* _Instructions to follow_
I'd like the data beneath this line reproduced exactly, without any of its images.
═════ Records shown
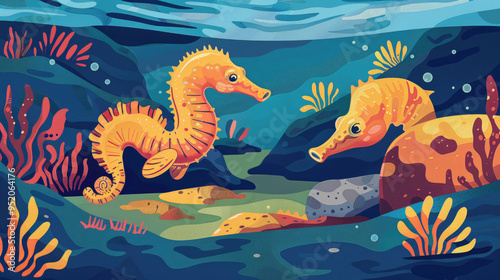 Two vibrant seahorses swim gracefully through a lively coral reef filled with colorful marine plants
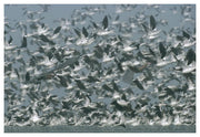 It is a paper art photograph depicting a flock of American Avocets erupting into flight in North America.
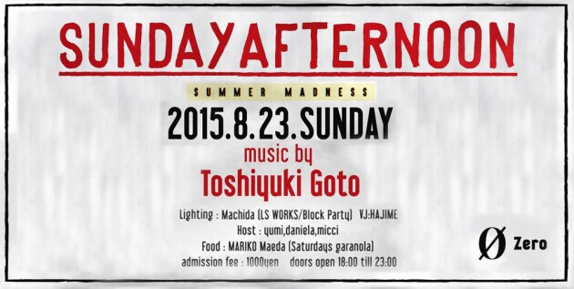 DJ Toshiyuki GotoのOPEN to LAST SETを堪能できる、本人主催のSUNDAY AFTERNOON。
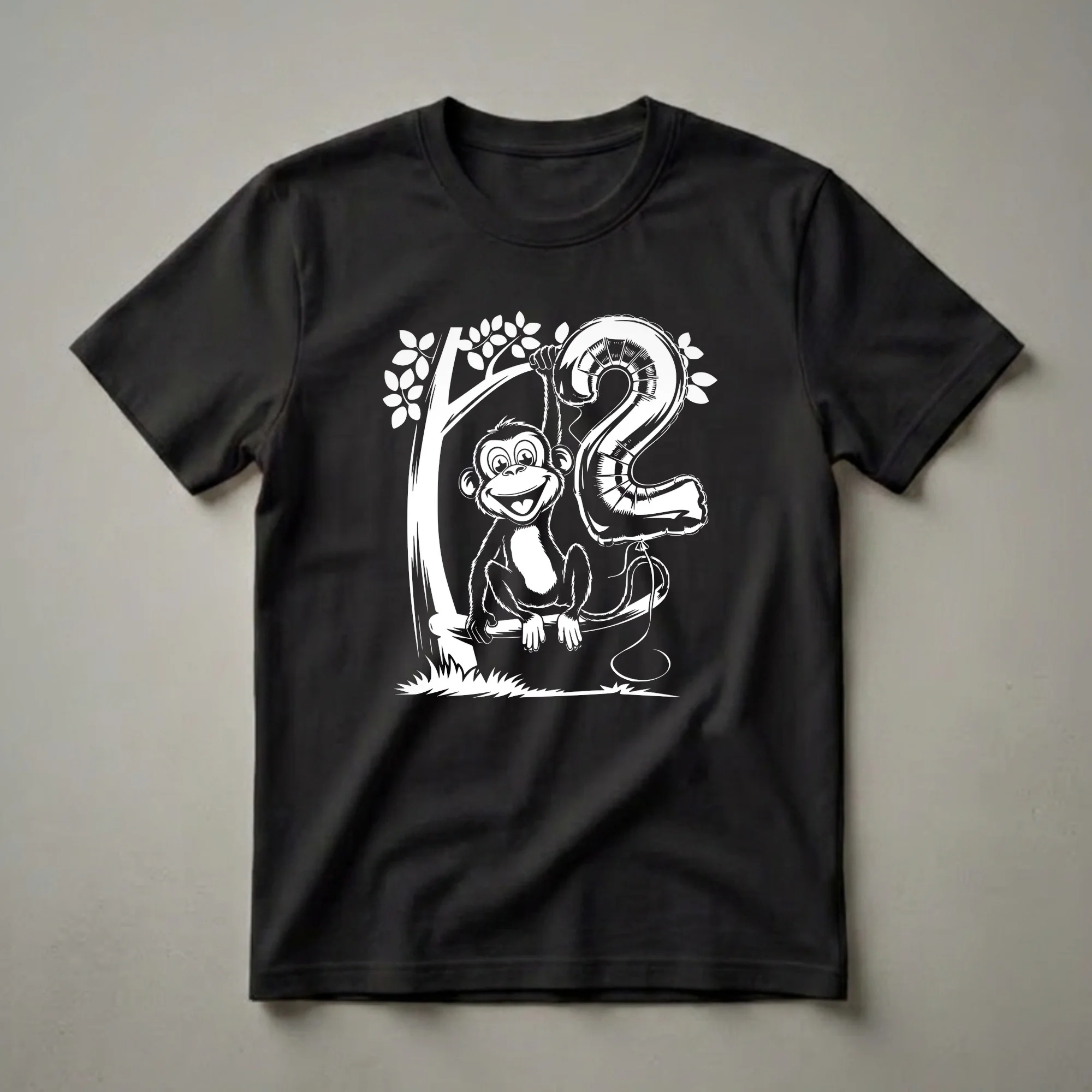 Two-year-olds are entering a vibrant stage of exploration and play, and this cheerful monkey graphic tee perfectly captures that playful spirit. The design features a whimsical cartoon monkey, rendered in crisp white line art against a dark background, swinging from a tree branch. In its hand, the monkey joyfully clutches a large, inflated balloon shaped like the number '2', symbolizing the special birthday milestone. This eye-catching t-shirt is a delightful way to commemorate a child's second birthday. Monkeys, known for their agility and playful nature, are often associated with fun and adventure, making them a fantastic theme for a toddler's celebration. This shirt works well for a birthday party, a casual day out, or as a thoughtful gift for a special two-year-old. Imagine the smiles this shirt will bring as the birthday child celebrates turning two, perhaps at a zoo visit or a jungle-themed party. This graphic tee is sure to become a favorite piece of apparel for any little one celebrating this exciting age. It's a wonderful way for parents or grandparents to mark the occasion with a unique and memorable gift.
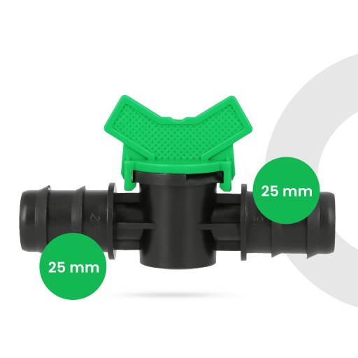 Zawór z podwójnym wtykiem na wąż pozwala na podłączenie dwóch węży kroplujących i kontrolę ich pracy poprzez zamknięcie lub otwarcie przepływu wody. To idealne rozwiązanie w celu modyfikacji systemu lub ochrony na wypadek awarii - element odcina dopływ wody do konkretnej linii.
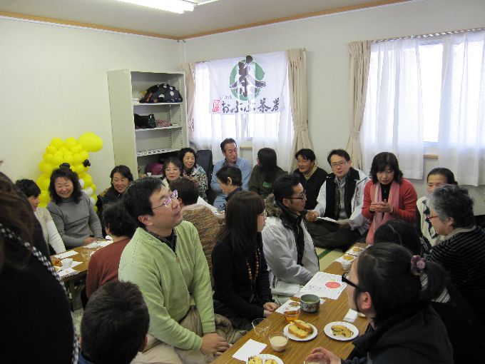 ・仮設住宅やその周辺にお住まいの人たちとおぶぶ茶苑スタッフやお茶会に賛同して集まった人たちと歓談する。
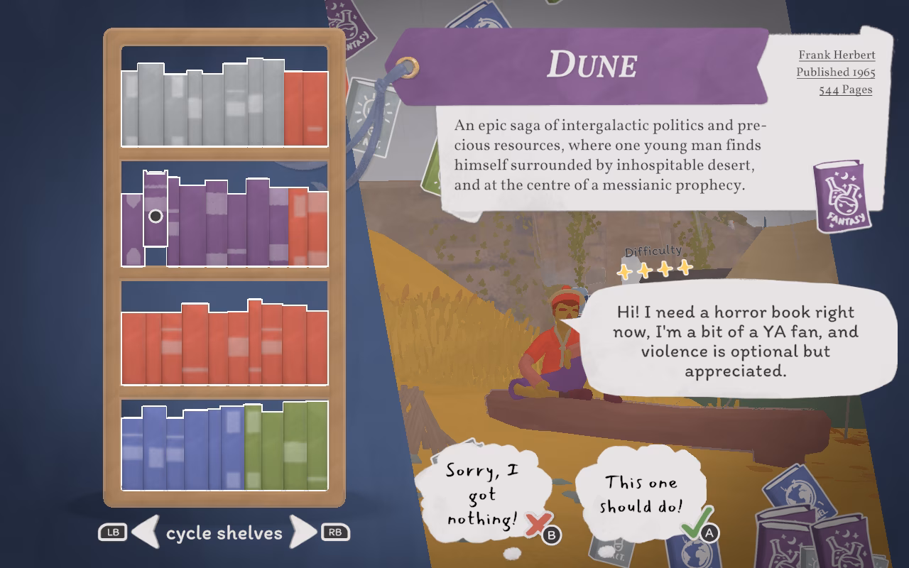 What makes the experience pop (aside from the cozy, lo-fi visuals) is seeing all these references to real-life books from all over, because the game contains mostly real-life books for you to buy and sell about, and that actual readers, or even non-readers like me would instantly recognize. I have never read a full book, especially story ones, but I do know my own share of literatures, probably due to the fact that most of them gets adapted anyways to other forms of media. Books such as Dune, The Lord of the Rings, or even Manga like Attack on Titan.
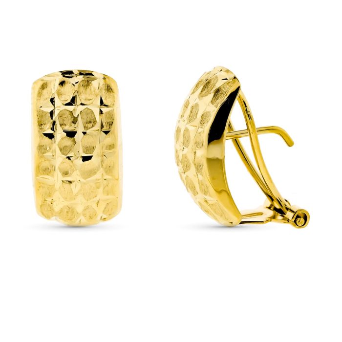 9K PENDIENTES ORO AMARILLO TALLADOS LAPIDADOS 17X9 MM CIERRE OMEGA
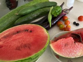 ご近所さんが育てた黄色スイカ頂きました。
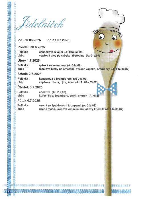 Úvod > Život v obci > Jídelní lístek MŠ > Jídelníček 30.6. - 11.7.2025
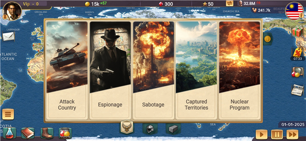 • Strategic Operations: Execute turn-based battles, deploy spies, conduct sabotage, and unleash devastating nuclear strikes.
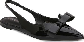 A voluminous bow tops the pointed toe of a sleek patent flat fashioned with an elasticized slingback strap for easy entry.
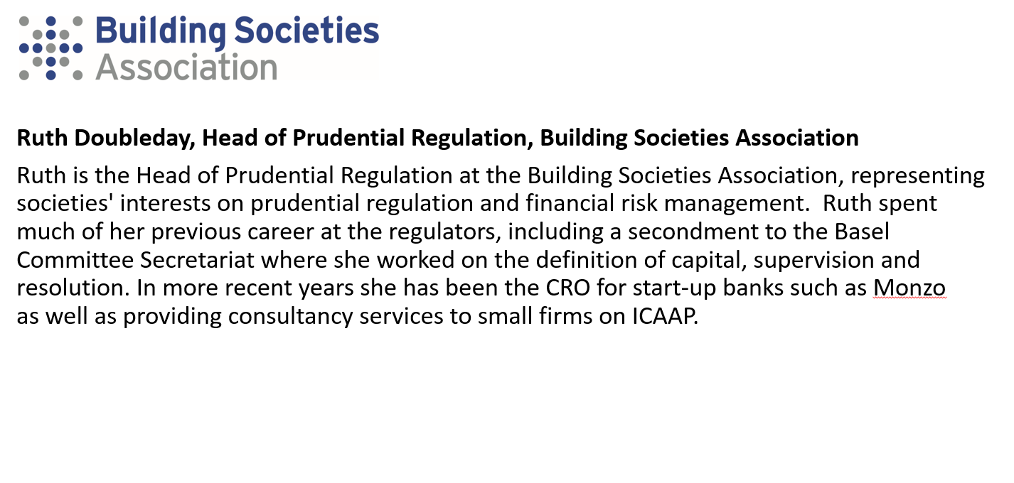 Chair: Ruth Doubleday, Head of Prudential Regulation, Building Societies Association (Biography)
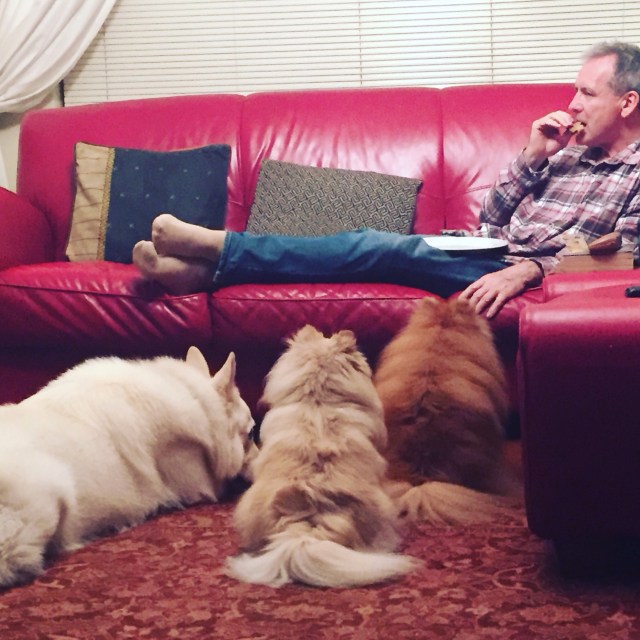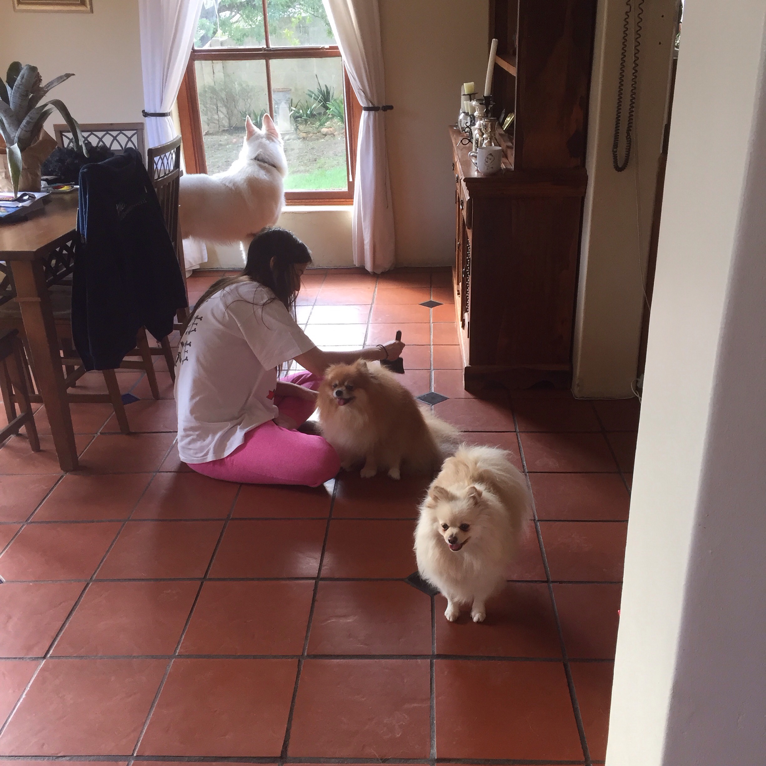 Lily did a bit of Grooming to the pups on Saturday. Navajo kept his eye on the gardener.
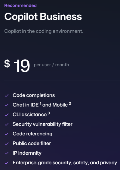 Copilot Business는 기업에서 쓰는 요금제다. 월 19$다. Team, Enterprise 깃 계정이 있어야 구매 가능하다.
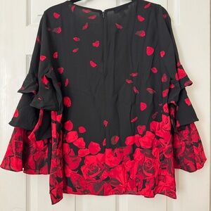 Alfani Blouse - Black with Red roses Size L Long sleeves ruffled. 100% polyester. Makes for a perfect Valentine's Day blouse.
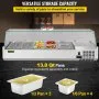 The VEVOR refrigerated condiment prep station offers efficient cooling. Its 150W compressor keeps ingredients fresh. The R290 refrigerant system circulates cold air well. The temperature range is between 35.6°F and 46.4°F. This keeps your condiments and ingredients at the ideal temperature. The electronic thermostat provides easy temperature control. The external LED panel shows the exact temperature. The one-click defrost function ensures smooth, cold airflow. This refrigerated prep station helps keep ingredients cool and ready for use. It is perfect for busy kitchens that need reliable cooling!
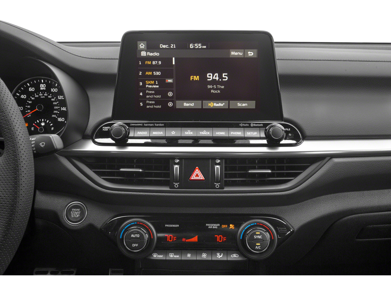 Leather Seats, Back-Up Camera, iPod/MP3 Input, Bluetooth®, Aluminum Wheels, Keyless Start, Smart Device Integration, Apple CarPlay®, Blind Spot Monitor, Cross-Traffic Alert, Lane Keeping Assist Rear Spoiler, MP3 Player, Remote Trunk Release, Keyless Entry, Child Safety Locks. Kia GT-Line with Deep Sea Blue exterior and Black interior features a 4 Cylinder Engine with 147 HP at 6200 RPM*.
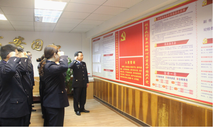在市局机关八楼国保支队党员活动室内,气氛热烈,场面庄重,16名党员胸前佩戴党徽,映衬着墙上的党旗格外鲜艳。在秦东书记的领誓下,全体党员高举右拳,庄严宣誓“我志愿加入中国共产党,拥护党的纲领……”。八十字的誓词,字字千钧、句句铭心;十六名党员的誓言,铮铮嘹亮、拳拳赤诚。
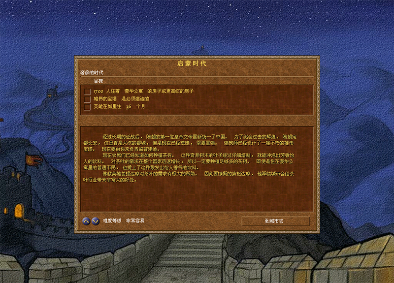 3、随着战役的深入,游戏难度也逐渐增大。游戏的目标(达到指定商品产量,征服敌对城市,达到指定人口数量,建造奇观等)也会越来越难完成。玩家必须细心的管理进出口,平衡财政预算,满足人民需求,维持足够数量的军队。
══════════
* _Task result_
 Two vibrant seahorses swim gracefully through a lively coral reef filled with colorful marine plants
 It is a paper art photograph depicting a flock of American Avocets erupting into flight in North America.
 DJ Toshiyuki GotoのOPEN to LAST SETを堪能できる、本人主催のSUNDAY AFTERNOON。
 Two-year-olds are entering a vibrant stage of exploration and play, and this cheerful monkey graphic tee perfectly captures that playful spirit. The design features a whimsical cartoon monkey, rendered in crisp white line art against a dark background, swinging from a tree branch. In its hand, the monkey joyfully clutches a large, inflated balloon shaped like the number '2', symbolizing the special birthday milestone. This eye-catching t-shirt is a delightful way to commemorate a child's second birthday. Monkeys, known for their agility and playful nature, are often associated with fun and adventure, making them a fantastic theme for a toddler's celebration. This shirt works well for a birthday party, a casual day out, or as a thoughtful gift for a special two-year-old. Imagine the smiles this shirt will bring as the birthday child celebrates turning two, perhaps at a zoo visit or a jungle-themed party. This graphic tee is sure to become a favorite piece of apparel for any little one celebrating this exciting age. It's a wonderful way for parents or grandparents to mark the occasion with a unique and memorable gift.
 Zawór z podwójnym wtykiem na wąż pozwala na podłączenie dwóch węży kroplujących i kontrolę ich pracy poprzez zamknięcie lub otwarcie przepływu wody. To idealne rozwiązanie w celu modyfikacji systemu lub ochrony na wypadek awarii - element odcina dopływ wody do konkretnej linii.
 ・仮設住宅やその周辺にお住まいの人たちとおぶぶ茶苑スタッフやお茶会に賛同して集まった人たちと歓談する。
 What makes the experience pop (aside from the cozy, lo-fi visuals) is seeing all these references to real-life books from all over, because the game contains mostly real-life books for you to buy and sell about, and that actual readers, or even non-readers like me would instantly recognize. I have never read a full book, especially story ones, but I do know my own share of literatures, probably due to the fact that most of them gets adapted anyways to other forms of media. Books such as Dune, The Lord of the Rings, or even Manga like Attack on Titan.
 9K PENDIENTES ORO AMARILLO TALLADOS LAPIDADOS 17X9 MM CIERRE OMEGA
 ご近所さんが育てた黄色スイカ頂きました。
 Úvod > Život v obci > Jídelní lístek MŠ > Jídelníček 30.6. - 11.7.2025
 • Strategic Operations: Execute turn-based battles, deploy spies, conduct sabotage, and unleash devastating nuclear strikes.
 A voluminous bow tops the pointed toe of a sleek patent flat fashioned with an elasticized slingback strap for easy entry.
 Chair: Ruth Doubleday, Head of Prudential Regulation, Building Societies Association (Biography)
 Lily did a bit of Grooming to the pups on Saturday. Navajo kept his eye on the gardener.
 Copilot Business는 기업에서 쓰는 요금제다. 월 19$다. Team, Enterprise 깃 계정이 있어야 구매 가능하다.
 Alfani Blouse - Black with Red roses Size L Long sleeves ruffled. 100% polyester. Makes for a perfect Valentine's Day blouse.
 The VEVOR refrigerated condiment prep station offers efficient cooling. Its 150W compressor keeps ingredients fresh. The R290 refrigerant system circulates cold air well. The temperature range is between 35.6°F and 46.4°F. This keeps your condiments and ingredients at the ideal temperature. The electronic thermostat provides easy temperature control. The external LED panel shows the exact temperature. The one-click defrost function ensures smooth, cold airflow. This refrigerated prep station helps keep ingredients cool and ready for use. It is perfect for busy kitchens that need reliable cooling!
 Leather Seats, Back-Up Camera, iPod/MP3 Input, Bluetooth®, Aluminum Wheels, Keyless Start, Smart Device Integration, Apple CarPlay®, Blind Spot Monitor, Cross-Traffic Alert, Lane Keeping Assist Rear Spoiler, MP3 Player, Remote Trunk Release, Keyless Entry, Child Safety Locks. Kia GT-Line with Deep Sea Blue exterior and Black interior features a 4 Cylinder Engine with 147 HP at 6200 RPM*.
在市局机关八楼国保支队党员活动室内,气氛热烈,场面庄重,16名党员胸前佩戴党徽,映衬着墙上的党旗格外鲜艳。在秦东书记的领誓下,全体党员高举右拳,庄严宣誓“我志愿加入中国共产党,拥护党的纲领……”。八十字的誓词,字字千钧、句句铭心;十六名党员的誓言,铮铮嘹亮、拳拳赤诚。
 3、随着战役的深入,游戏难度也逐渐增大。游戏的目标(达到指定商品产量,征服敌对城市,达到指定人口数量,建造奇观等)也会越来越难完成。玩家必须细心的管理进出口,平衡财政预算,满足人民需求,维持足够数量的军队。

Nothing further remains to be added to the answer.